Your goal >>
Take the material below and extract the lines from the one with "Stay stylish and" through the one with "Villa of 115", word for word, without pictures.

Available data >>
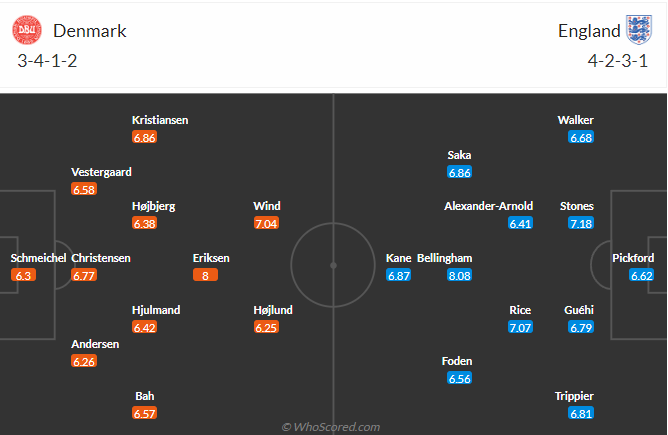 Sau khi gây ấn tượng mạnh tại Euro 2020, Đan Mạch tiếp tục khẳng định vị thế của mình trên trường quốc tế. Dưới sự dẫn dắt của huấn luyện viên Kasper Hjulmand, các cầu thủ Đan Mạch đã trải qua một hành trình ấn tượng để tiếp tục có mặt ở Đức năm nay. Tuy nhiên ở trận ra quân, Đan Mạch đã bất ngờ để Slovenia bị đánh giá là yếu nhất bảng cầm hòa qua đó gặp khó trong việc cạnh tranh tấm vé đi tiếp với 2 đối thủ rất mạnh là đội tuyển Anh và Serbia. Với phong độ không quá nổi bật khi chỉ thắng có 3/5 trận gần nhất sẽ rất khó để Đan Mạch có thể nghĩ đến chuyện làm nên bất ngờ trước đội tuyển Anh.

...

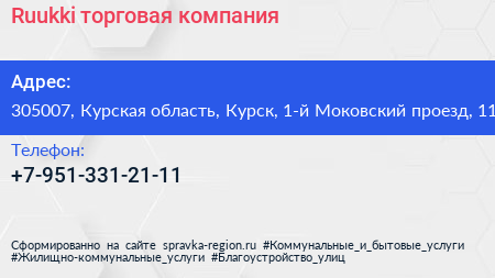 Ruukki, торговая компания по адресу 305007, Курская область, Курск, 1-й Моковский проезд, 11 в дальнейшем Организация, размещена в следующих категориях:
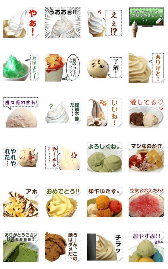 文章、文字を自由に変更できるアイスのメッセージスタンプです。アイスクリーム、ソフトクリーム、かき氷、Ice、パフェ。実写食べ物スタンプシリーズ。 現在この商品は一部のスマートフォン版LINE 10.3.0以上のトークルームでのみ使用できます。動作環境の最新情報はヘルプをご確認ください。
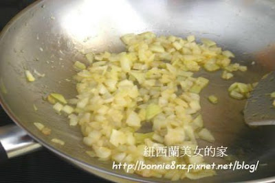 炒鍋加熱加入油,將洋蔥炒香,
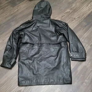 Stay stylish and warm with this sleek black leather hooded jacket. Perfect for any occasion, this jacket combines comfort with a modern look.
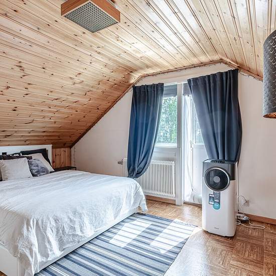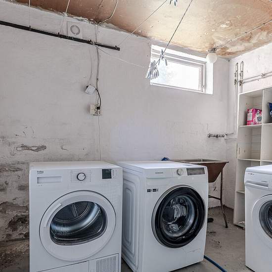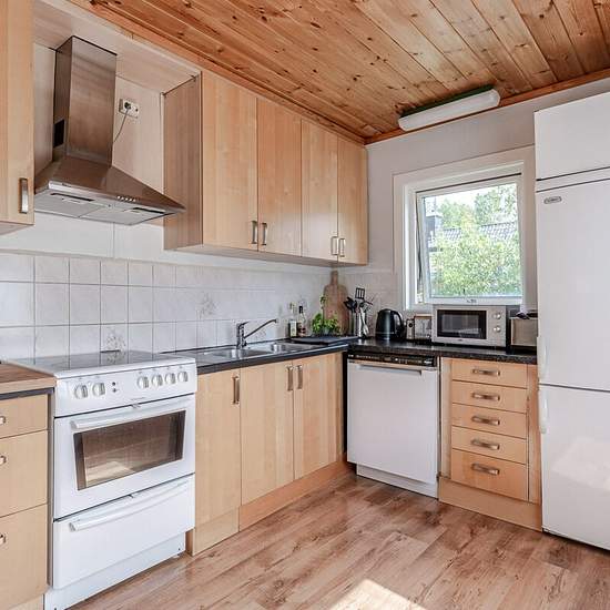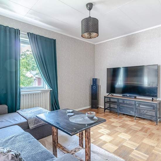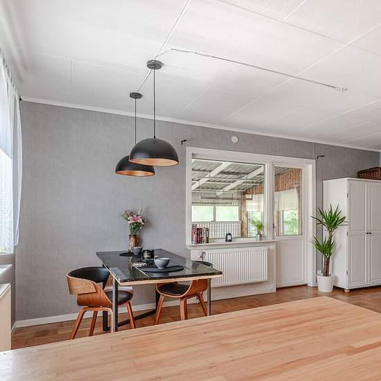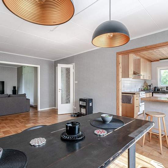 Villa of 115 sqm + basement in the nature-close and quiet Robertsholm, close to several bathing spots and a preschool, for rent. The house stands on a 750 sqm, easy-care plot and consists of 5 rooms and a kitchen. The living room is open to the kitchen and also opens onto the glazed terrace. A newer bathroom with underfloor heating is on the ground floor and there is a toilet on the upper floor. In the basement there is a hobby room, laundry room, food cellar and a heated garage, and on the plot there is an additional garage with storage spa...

Your response >>
 Stay stylish and warm with this sleek black leather hooded jacket. Perfect for any occasion, this jacket combines comfort with a modern look.
 Villa of 115 sqm + basement in the nature-close and quiet Robertsholm, close to several bathing spots and a preschool, for rent. The house stands on a 750 sqm, easy-care plot and consists of 5 rooms and a kitchen. The living room is open to the kitchen and also opens onto the glazed terrace. A newer bathroom with underfloor heating is on the ground floor and there is a toilet on the upper floor. In the basement there is a hobby room, laundry room, food cellar and a heated garage, and on the plot there is an additional garage with storage spa...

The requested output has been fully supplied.